² Supported by grant HL 49910 from the National Heart, Lung, and Blood Institute (to JHD).

³ Address reprint requests to JH Dwyer, 1000 South Fremont Avenue (US Post: Unit 8; Courier: Building A5122), Alhambra, CA 91803-8000. E-mail: jimdwye{at}usc.edu.

ABSTRACT  
Background: Several epidemiologic studies found weak protective relations between dietary fiber intake and the risk of cardiovascular disease events. However, few of the studies addressed possible mechanisms of the effect.

Objective: In the present study, we estimated relations between the progression of atherosclerosis and the intake of selective dietary fiber fractions. Mediation of the relations by serum lipids was also investigated.

Design: Participants who were free of heart disease and aged 40–60 y were recruited into the cohort (n = 573; 47% women). The intima-media thickness (IMT) of the common carotid arteries was measured ultrasonographically at the baseline examination and at 2 follow-up examinations (n = 500), dietary intakes were assessed with six 24-h recalls (3 at baseline and 3 at the first follow-up examination), and blood samples were analyzed at baseline and at both follow-up examinations.

Results: A significant inverse association was observed between IMT progression and the intakes of viscous fiber (P = 0.05) and pectin (P = 0.01). Correction for measurement error increased the magnitude of these estimated effects. The ratio of total to HDL cholesterol was inversely related to the intakes of total fiber (P = 0.01), viscous fiber (P = 0.05), and pectin (P = 0.01). The magnitude of the association between IMT progression and the intakes of viscous fiber and pectin was attenuated by adjustment for serum lipids.

Conclusions: The intake of viscous fiber, especially pectin, appears to protect against IMT progression. Serum lipids may act as a mediator between dietary fiber intake and IMT progression.

Key Words: Dietary fiber • measurement error • atherosclerosis • intima-media thickness • serum lipid • cohort study

INTRODUCTION  
Cardiovascular disease (CVD) due to advanced atherosclerosis is the leading cause of death and disability in the United States (1). Numerous risk factors, including dietary pattern, physical inactivity, serum lipids, diabetes, smoking, obesity, and psychological stress, have been proposed as contributing to the initiation and development of atherosclerosis and its clinical manifestations (2). The possible health benefits of dietary fiber in reducing the risk of CVD were hypothesized in the 1970s (3). Evidence of associations between dietary fiber and atherosclerosis has accumulated from epidemiologic observations (4–13) and a limited number of clinical trials (14–17). Experimental data from both animals and humans suggest an association between increased dietary fiber intakes and improved plasma lipid profiles, including reduced LDL-cholesterol concentrations. These observations indicated a regulation pathway between fiber, plasma lipids, and atherosclerosis (18, 19).

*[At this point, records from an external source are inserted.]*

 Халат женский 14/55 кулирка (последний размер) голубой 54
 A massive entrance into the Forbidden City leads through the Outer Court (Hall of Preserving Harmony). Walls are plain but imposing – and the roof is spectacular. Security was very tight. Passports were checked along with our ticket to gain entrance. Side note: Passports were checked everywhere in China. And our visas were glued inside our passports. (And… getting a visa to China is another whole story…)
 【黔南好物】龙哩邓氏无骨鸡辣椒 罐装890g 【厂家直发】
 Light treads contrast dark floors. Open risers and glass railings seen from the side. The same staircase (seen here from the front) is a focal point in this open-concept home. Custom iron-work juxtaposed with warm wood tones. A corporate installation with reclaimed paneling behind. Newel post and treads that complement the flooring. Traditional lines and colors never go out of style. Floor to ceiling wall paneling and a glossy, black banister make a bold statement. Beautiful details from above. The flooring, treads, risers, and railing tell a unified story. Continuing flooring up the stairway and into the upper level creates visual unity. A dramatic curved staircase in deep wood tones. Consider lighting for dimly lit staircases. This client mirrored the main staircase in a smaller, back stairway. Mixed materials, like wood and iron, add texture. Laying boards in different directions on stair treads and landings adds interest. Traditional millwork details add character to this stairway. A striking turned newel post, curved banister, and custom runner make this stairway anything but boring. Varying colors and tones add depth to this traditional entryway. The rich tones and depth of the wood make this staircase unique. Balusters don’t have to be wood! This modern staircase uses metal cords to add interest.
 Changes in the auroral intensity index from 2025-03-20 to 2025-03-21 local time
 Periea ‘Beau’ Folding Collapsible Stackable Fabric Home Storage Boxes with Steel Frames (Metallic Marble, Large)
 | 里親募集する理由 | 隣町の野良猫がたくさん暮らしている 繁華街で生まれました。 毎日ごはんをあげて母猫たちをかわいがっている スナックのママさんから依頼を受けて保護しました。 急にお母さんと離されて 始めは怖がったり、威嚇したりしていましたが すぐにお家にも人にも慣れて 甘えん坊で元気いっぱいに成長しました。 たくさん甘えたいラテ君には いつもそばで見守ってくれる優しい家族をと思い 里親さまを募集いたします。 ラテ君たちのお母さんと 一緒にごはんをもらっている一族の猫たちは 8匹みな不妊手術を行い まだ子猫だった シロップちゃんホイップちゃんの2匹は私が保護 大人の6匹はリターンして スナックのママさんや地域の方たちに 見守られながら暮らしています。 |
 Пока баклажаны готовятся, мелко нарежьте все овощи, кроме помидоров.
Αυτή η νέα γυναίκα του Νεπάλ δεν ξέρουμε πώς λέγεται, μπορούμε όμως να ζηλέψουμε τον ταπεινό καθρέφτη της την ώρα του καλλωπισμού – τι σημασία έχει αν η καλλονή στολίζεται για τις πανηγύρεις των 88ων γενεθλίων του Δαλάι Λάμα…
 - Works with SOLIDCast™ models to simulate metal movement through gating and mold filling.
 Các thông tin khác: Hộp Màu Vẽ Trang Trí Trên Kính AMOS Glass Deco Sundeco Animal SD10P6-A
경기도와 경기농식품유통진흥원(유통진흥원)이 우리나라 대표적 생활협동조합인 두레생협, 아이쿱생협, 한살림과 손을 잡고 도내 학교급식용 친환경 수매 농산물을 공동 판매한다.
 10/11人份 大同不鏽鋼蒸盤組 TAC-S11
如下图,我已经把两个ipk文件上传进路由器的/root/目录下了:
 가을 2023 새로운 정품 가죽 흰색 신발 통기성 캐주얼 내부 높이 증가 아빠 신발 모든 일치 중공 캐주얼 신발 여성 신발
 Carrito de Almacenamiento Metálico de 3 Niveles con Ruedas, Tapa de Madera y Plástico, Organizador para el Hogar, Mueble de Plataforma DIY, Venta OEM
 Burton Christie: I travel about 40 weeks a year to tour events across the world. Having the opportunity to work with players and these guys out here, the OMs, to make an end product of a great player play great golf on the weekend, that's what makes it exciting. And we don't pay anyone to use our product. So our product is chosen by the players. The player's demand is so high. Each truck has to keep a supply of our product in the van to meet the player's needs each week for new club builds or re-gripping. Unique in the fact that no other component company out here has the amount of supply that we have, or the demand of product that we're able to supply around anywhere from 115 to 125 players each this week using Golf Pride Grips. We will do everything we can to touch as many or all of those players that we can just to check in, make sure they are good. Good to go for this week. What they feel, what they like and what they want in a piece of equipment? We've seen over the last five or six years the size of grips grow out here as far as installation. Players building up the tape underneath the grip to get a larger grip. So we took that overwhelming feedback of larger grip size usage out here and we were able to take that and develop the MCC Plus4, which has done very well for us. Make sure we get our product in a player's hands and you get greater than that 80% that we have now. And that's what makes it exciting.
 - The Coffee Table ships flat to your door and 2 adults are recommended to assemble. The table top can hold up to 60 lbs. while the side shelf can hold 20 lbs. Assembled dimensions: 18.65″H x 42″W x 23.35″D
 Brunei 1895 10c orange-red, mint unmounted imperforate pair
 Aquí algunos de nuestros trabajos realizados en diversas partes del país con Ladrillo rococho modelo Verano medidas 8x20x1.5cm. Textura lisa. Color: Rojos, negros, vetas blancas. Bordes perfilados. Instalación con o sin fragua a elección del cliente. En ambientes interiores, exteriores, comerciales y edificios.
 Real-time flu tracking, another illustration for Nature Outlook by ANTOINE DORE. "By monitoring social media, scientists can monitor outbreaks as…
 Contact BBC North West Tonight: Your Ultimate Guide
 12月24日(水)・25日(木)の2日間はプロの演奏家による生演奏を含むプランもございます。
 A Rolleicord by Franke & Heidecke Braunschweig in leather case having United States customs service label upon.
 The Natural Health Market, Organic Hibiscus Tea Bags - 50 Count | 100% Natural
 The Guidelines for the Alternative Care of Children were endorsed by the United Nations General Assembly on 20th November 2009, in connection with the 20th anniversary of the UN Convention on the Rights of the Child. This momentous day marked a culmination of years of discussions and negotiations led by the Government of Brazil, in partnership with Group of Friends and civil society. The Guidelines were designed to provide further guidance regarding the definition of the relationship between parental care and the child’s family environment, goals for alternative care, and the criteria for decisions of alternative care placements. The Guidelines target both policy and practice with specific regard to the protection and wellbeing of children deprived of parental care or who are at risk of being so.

Dietary fiber constitutes a group of dietary components. Fruit, vegetables, whole grains, and cereals are the major sources. Total dietary fiber can be divided into 2 groups: viscous fiber (pectin, gums, and mucilage, which were previously classified as water-soluble fiber) and nonviscous fiber (cellulose, hemicellulose, and lignin, which were previously classified as water-insoluble fiber). Increased intakes of viscous fiber decrease blood LDL-cholesterol concentrations in animal models (19) and in clinical intervention studies (20). Several properties of viscous fiber, including viscosity, bile acid binding capacity, and, perhaps, cholesterol synthesis-inhibiting capacity after fermentation in the colon (20, 21), have been proposed as mediating this cholesterol-lowering effect.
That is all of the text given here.